In the present study, IL-1α, GRO, Glut, MIG and uPA were upregulated in colon cancer. These proteins have previously been reported as an angiogenic factor (14), anti-apoptotic factor, prognostic marker (15,16), chemokine (17,18) or in colon cancer. The present study data also demonstrated that ICAM5, VE-cadherin and Leptin R were upregulated in colon cancer (Table II). ICAM5 and VE-cadherin are cell adhesion molecules that are related to the development of breast cancer, prostate cancer and head and neck carcinoma (19–21). This finding suggests that these proteins could also be targetable molecules for colon cancer.

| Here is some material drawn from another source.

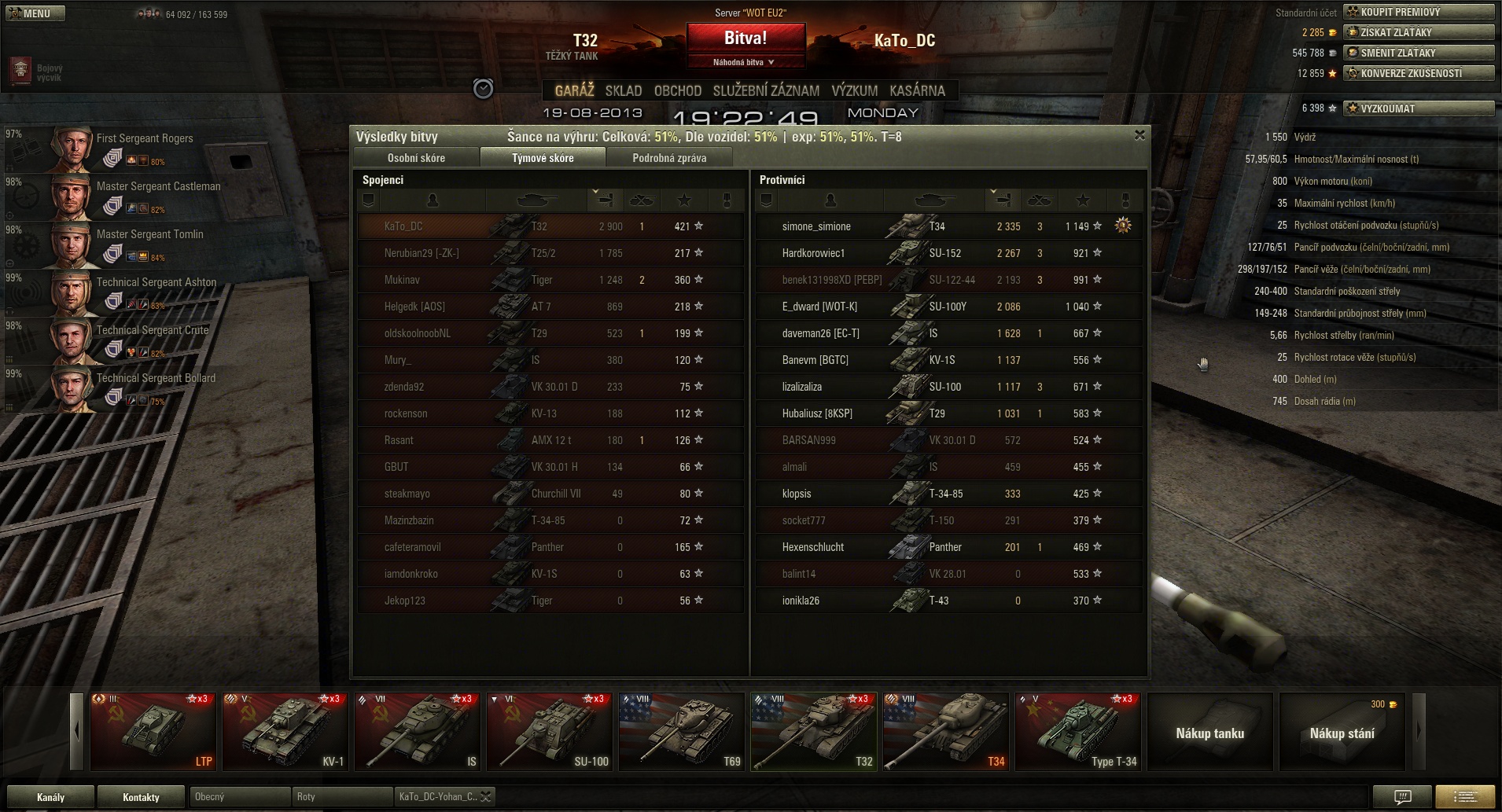 Ohledně nasazování tanků proti sobě, já osobně to moc neřeším. Ty sice máš mindrák ze sovětů, ale i dobrá T32 může ty IS-3 vykosit.

The array results also demonstrated that 23 target proteins were enhanced in rectal cancer (Table III). However, none of these proteins was a match to the target proteins that were presented in Table II. Recently, the Cancer Genome Atlas Network reported that hypermethylation was more common in the right colon than in the rectum (22). These findings strongly support our data that protein expression patterns differ between rectal cancer and non-rectal cancer.
In conclusion, our findings demonstrated that IL-1α, GRO, Glut5, MIG, ICAM-5, VE-cadherin, uPA and Leptin R were upregulated in colon cancer when compared to levels in normal colon tissues using a biotin label-based antibody array. These results could aid in the simultaneous analysis of various types of upregulated proteins and promising target proteins for molecular-targeted therapies. The simplicity and ease of using the biotin label-based antibody array suggests that this new array method may be a powerful tool for detecting expression levels of a wide range of proteins from each pathway that contributes to colon carcinogenesis and for identifying new therapies for CRC.